Topic: standard libraries?
Author: fjh@munta.cs.mu.OZ.AU (Fergus James HENDERSON)
Date: Thu, 13 May 1993 08:31:55 GMT Raw View
jimad@microsoft.com (Jim Adcock) writes:
>fjh@munta.cs.mu.OZ.AU (Fergus James HENDERSON) writes:
>|What about method 3?
>| Foo *p;
>| ...
>| write(fd, &p, sizeof p);
>| ...
>| read(fd, &p, sizeof p);
>
>What about it? Neither "read" nor "write" are described in the ANSI/ISO
>C language spec, nor in ARM, thus neither are a C++ language standards
>issue. Rather, with respect to the C++ language, these functions are
>simply implementation issues that can be handled in a manner of the
>implementation's choosing -- if the implementation chooses to support them
>at all. Clearly there is an obvious implementation choice to handle
>these implementation issues -- namely the implementation could choose
>not to move objects, and thus "method 3" is neither a C++ language
>issue nor a C++/GC language issue.
OK, I'm sorry, that should have been "fread" and "fwrite".
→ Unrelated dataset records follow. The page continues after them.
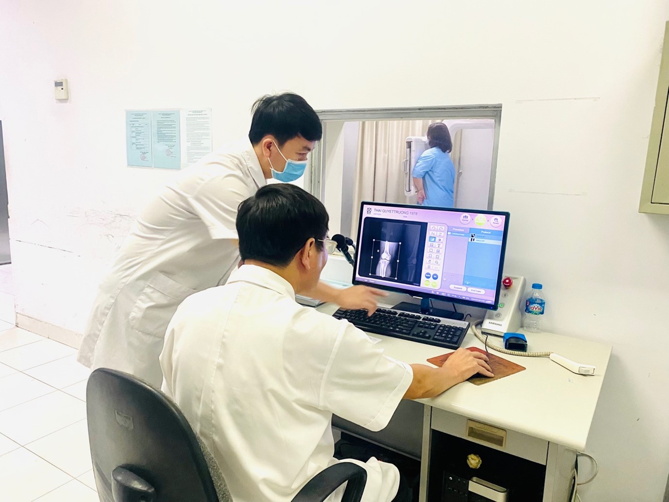 Các y, bác sĩ chụp X-quang cho người lao động khám sức khoẻ định kỳ.
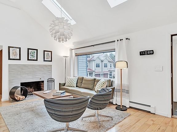 Renovated contemporary four bedroom, two bathroom attached single family ($0 HOA condominium) located in the heart of Newton Centre on the corner lot of a private dead end street. Sun-drenched living room features high vaulted ceilings, two skylights, and a wood burning fireplace. Chef's kitchen with skylight, quartz counter-tops, gas stove, stainless steel appliances, and marble floors. Main level includes a mudroom, three bedrooms, elegant bathroom with Kohler fixtures, dual vanity & glass enclosed shower, dining room with patio access, central A/C, and hardwood floors throughout. Finished lower level includes an additional living area, bedroom, full modern bathroom with a deep tub and dual vanity, storage room with closets, laundry room with sink, utility room, and attached one car garage. Property has two additional outdoor parking spaces, private manicured yard and patio. Perfectly positioned by Webster Woods, the Green Line, and Newton Centre & Chestnut Hill amenities.
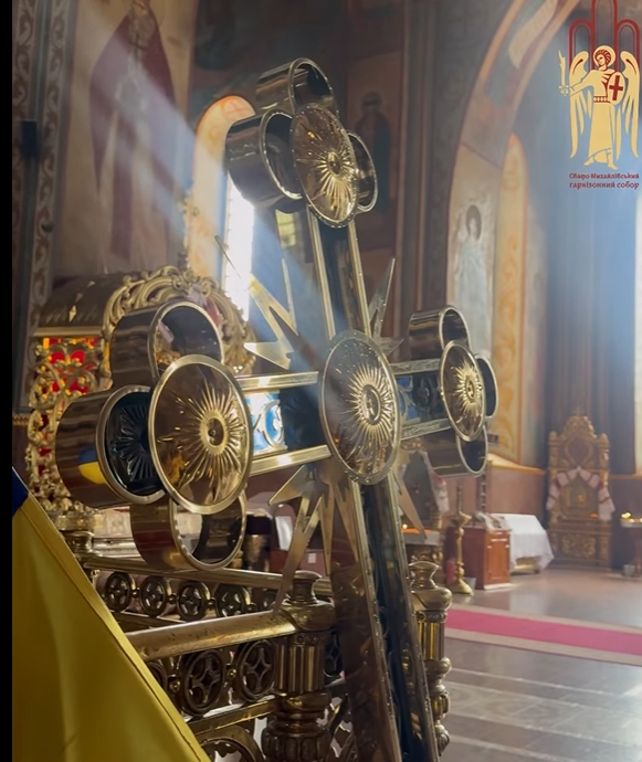У Свято‐Михайлівському соборі освятили хрест, який встановили на дзвіницю
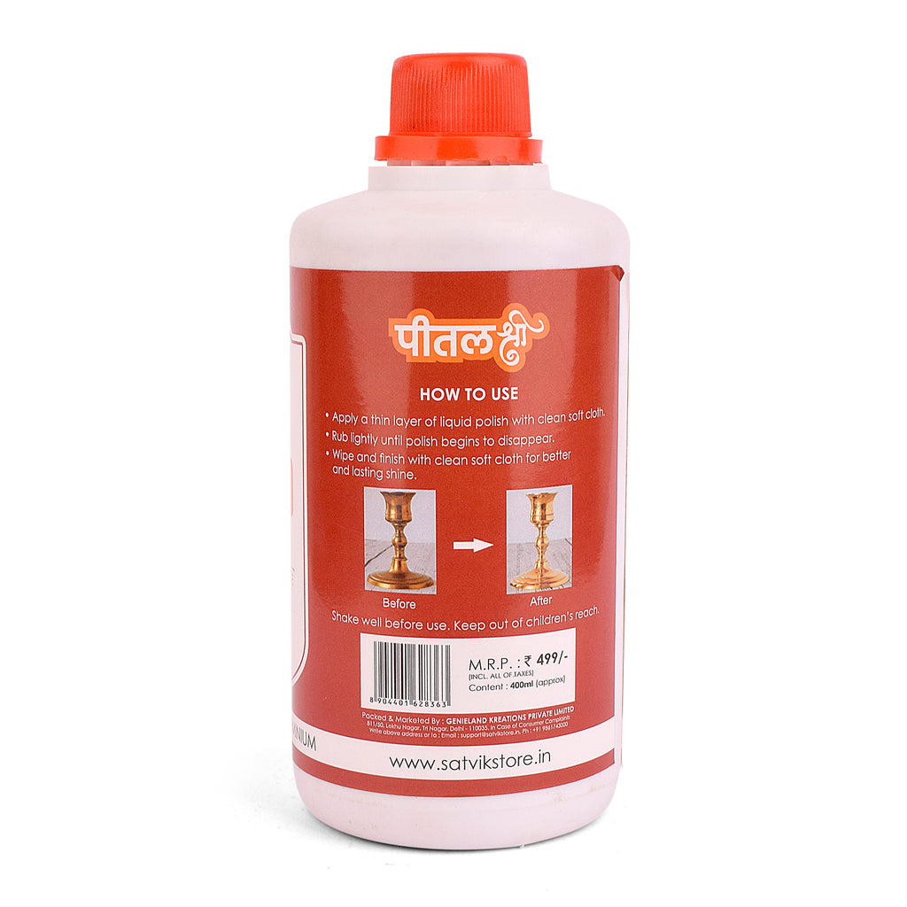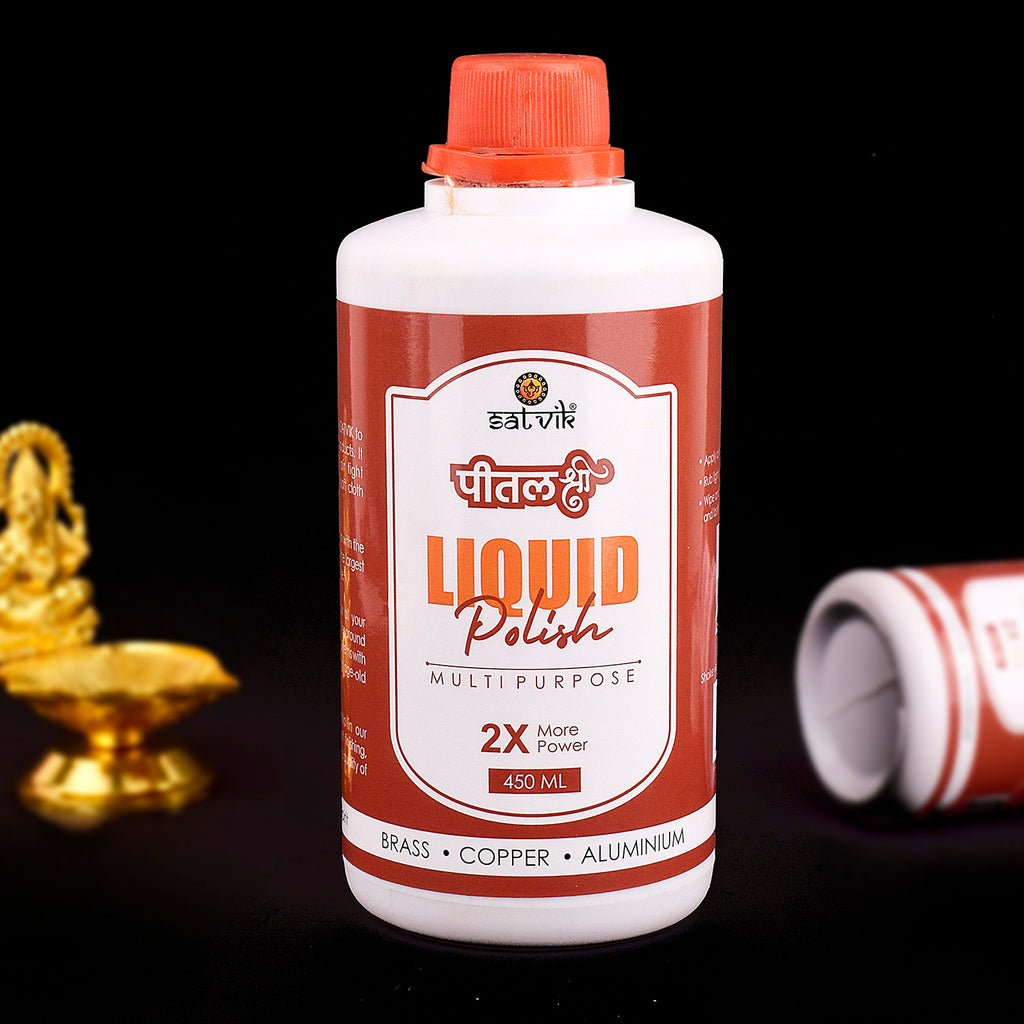 Satvik Liquid Metal Polish is Multipurpose Polish which Comes in Liquid Form. This is helpful in cleaning of Brass ,Copper, Alluminium, Stainless Steel Utensils, Ornaments, Dinnerware, Cups Mugs, Oil Lamps. Its also helpful to Clean Diwali Diya made of brass and copper. Moscow Mule, Copper & Brass Thali Set Etc. Pitam Cleaner Bari Brass Cleaner.
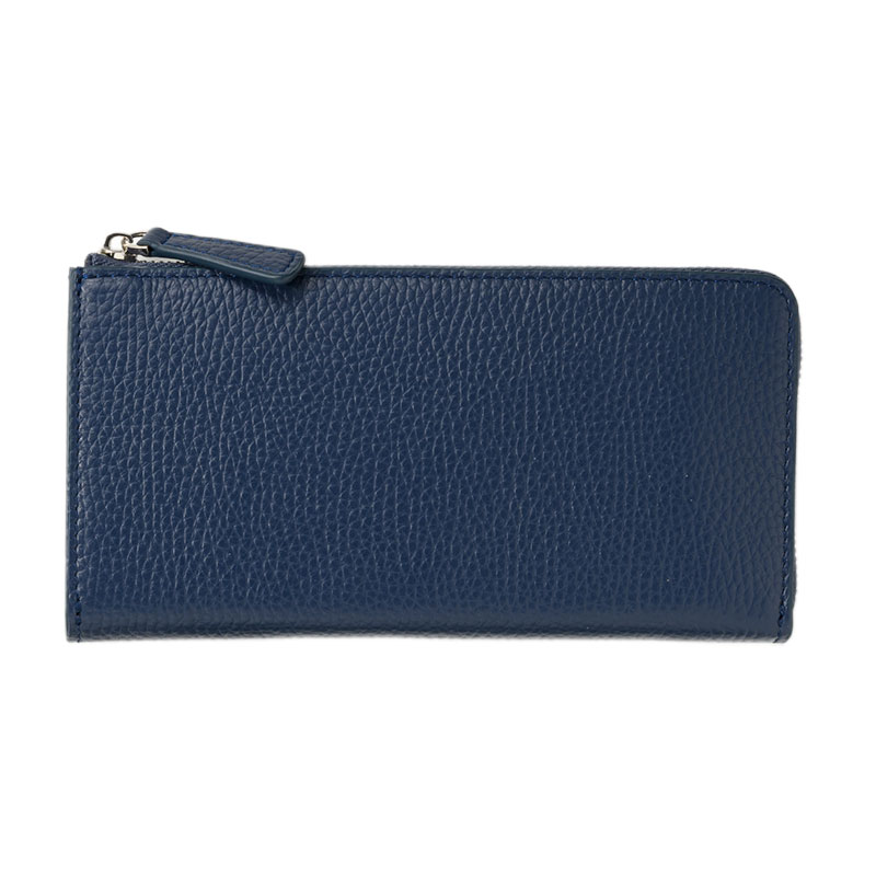 お札サイズに合わせたコンパクト設計のL字ファスナー長財布。横差しカード段により縦9cm×横17.5cmを実現し、細ファスナー採用で厚さ約2cmとスリム。マチが大きく開くため、小銭・カード・お札の出し入れがスムーズです。裏面にはICカードポケットを備え、改札もタッチで通過可能。内側にはMILAGROのロゴをシルバー箔であしらっています。

Also I didn't make it clear that p gets modified in the mean time.
Let me give a better example.
FILE *f = fopen("/tmp/x","wb");
Foo *p = new Foo;
fwrite(&p, sizeof p, 1, f);
p = 0;
...
// assume that a garbage collection occurs here
...
rewind(f);
read(&p, sizeof p, 1, f);
p->foo(); // *p had better still be there
Now unless I am mistaken, this is legal C++ according to the current
definition of the language. But requiring this sort of code to work
would make even conservative garbage collection impossible.
Thus to make conservative garbage collection possible in a standard
conforming implementation would require changing the standard to
ensure that the above sort of code is illegal.
I think that making such a change would be a good idea, but I wish that
GC advocates would stop pretending that it doesn't require any changes
to the C++ standard, or that it doesn't require the corresponding changes
to C++ semantics.
--
Fergus Henderson This .signature virus might be
fjh@munta.cs.mu.OZ.AU getting old, but you still can't
consistently believe it unless you
Linux: Choice of a GNU Generation copy it to your own .signature file!
Author: jimad@microsoft.com (Jim Adcock)
Date: 10 May 93 17:33:24 GMT Raw View
Author: fjh@munta.cs.mu.OZ.AU (Fergus James HENDERSON)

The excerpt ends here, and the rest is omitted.